Limitations & Future Work

  1. Limited to Low-Dimensional Experiments: Experiments were only conducted on \(\mathbb{T}^2\) and \(\mathbb{S}^2\); the actual performance in high-dimensional scenarios remains unknown.
  2. Difficulty in Verifying the \(L^2\)-mixing Summability Condition: The technical conditions required for universality are harder to satisfy in high dimensions, necessitating further theoretical development.
  3. Theoretical Lower Bounds on the Number of Transformations: Sufficiency is only proved for two generators in affine tori and isometric sphere families; the minimum number of transformations in the general case remains unknown.
  4. Insufficient Hyperparameter Tuning: The authors acknowledge that the highly modular nature of EGF was not fully exploited, as complex transformations, replay buffers, or advanced architectures were not attempted.
  5. Lack of Direct Comparison with Diffusion Models: As a generative model, it was not compared against mainstream methods like DDPM on standard image generation benchmarks.
  6. Background Noise Issues: The KL-weakFM loss tends to make \(\hat{f}_\text{term}\) positive everywhere in the space, leading to outliers that require additional threshold filtering.
  • GFlowNet Theory (Bengio et al., 2021; 2023): EGF advances GFNs in continuous, non-acyclic settings.
  • Moser Flow (Rozen et al., 2021): The main baseline for IL; EGF significantly outperforms it with a small parameter footprint.
  • Non-acyclic GFN Theory (Brunswic et al., 2024): A prior work by the first author of this paper; EGF validates its prediction regarding the instability of divergence-based losses.

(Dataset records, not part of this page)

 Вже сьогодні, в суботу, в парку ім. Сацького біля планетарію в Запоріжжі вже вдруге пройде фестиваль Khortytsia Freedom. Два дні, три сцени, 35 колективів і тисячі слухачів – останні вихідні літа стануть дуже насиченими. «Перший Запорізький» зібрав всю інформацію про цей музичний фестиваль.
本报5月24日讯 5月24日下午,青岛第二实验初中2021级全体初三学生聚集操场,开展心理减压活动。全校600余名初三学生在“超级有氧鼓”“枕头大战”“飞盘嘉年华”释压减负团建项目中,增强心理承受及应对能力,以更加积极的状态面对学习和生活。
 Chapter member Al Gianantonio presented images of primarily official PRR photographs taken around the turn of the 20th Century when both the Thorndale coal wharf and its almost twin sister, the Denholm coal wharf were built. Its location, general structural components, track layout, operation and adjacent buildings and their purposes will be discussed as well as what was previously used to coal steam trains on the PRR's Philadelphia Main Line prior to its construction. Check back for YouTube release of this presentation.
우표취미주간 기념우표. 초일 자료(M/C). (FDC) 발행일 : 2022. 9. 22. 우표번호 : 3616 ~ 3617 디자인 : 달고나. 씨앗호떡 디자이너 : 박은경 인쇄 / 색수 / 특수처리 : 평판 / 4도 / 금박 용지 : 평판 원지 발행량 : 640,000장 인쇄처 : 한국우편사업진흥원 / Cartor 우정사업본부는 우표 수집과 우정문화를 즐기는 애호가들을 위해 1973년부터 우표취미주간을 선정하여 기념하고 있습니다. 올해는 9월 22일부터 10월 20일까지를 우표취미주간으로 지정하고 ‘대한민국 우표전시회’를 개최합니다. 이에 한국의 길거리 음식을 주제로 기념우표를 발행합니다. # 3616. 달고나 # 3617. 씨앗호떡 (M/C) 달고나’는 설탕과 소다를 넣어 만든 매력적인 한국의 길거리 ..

  • CINF (Caterini et al., 2021): A similar approach which aggregates multiple NFs via expectation.
  • Ergodic Theory (Walters, 2000; Bourgain & Gamburd, 2012): Provides the mathematical foundation for EGF's universality.

Rating

  • Novelty: ⭐⭐⭐⭐⭐ — Integrating ergodic theory into generative flows is highly original.

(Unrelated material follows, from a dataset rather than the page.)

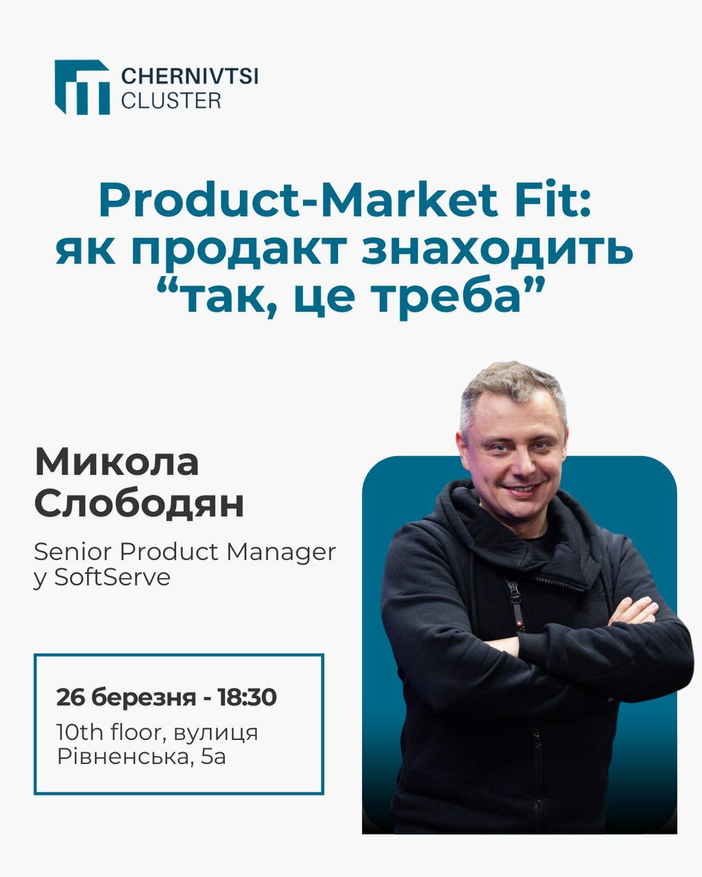 Запрошуємо вас на нову подію від Чернівецького ІТ Кластера, де говоритимемо про один із ключових викликів для кожного продукту — пошук справжнього Product-Market Fit.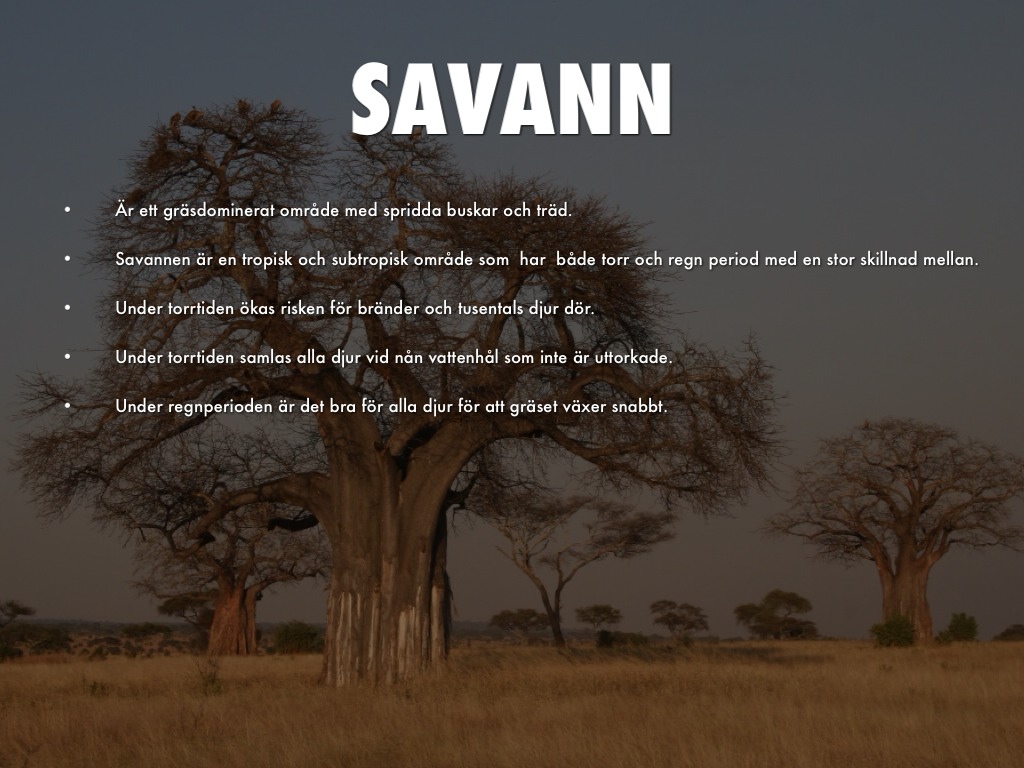 Savannen är en tropisk och subtropisk område som har både torr och regn period med en stor skillnad mellan.

  • Experimental Thoroughness: ⭐⭐⭐ — Limited to low-dimensional experiments, lacking high-dimensional and mainstream benchmarks.
  • Writing Quality: ⭐⭐⭐⭐ — Theoretically rigorous and well-structured, though academically dense.
  • Value: ⭐⭐⭐⭐ — The theoretical contribution is significant, though practical utility in high dimensions remains to be validated.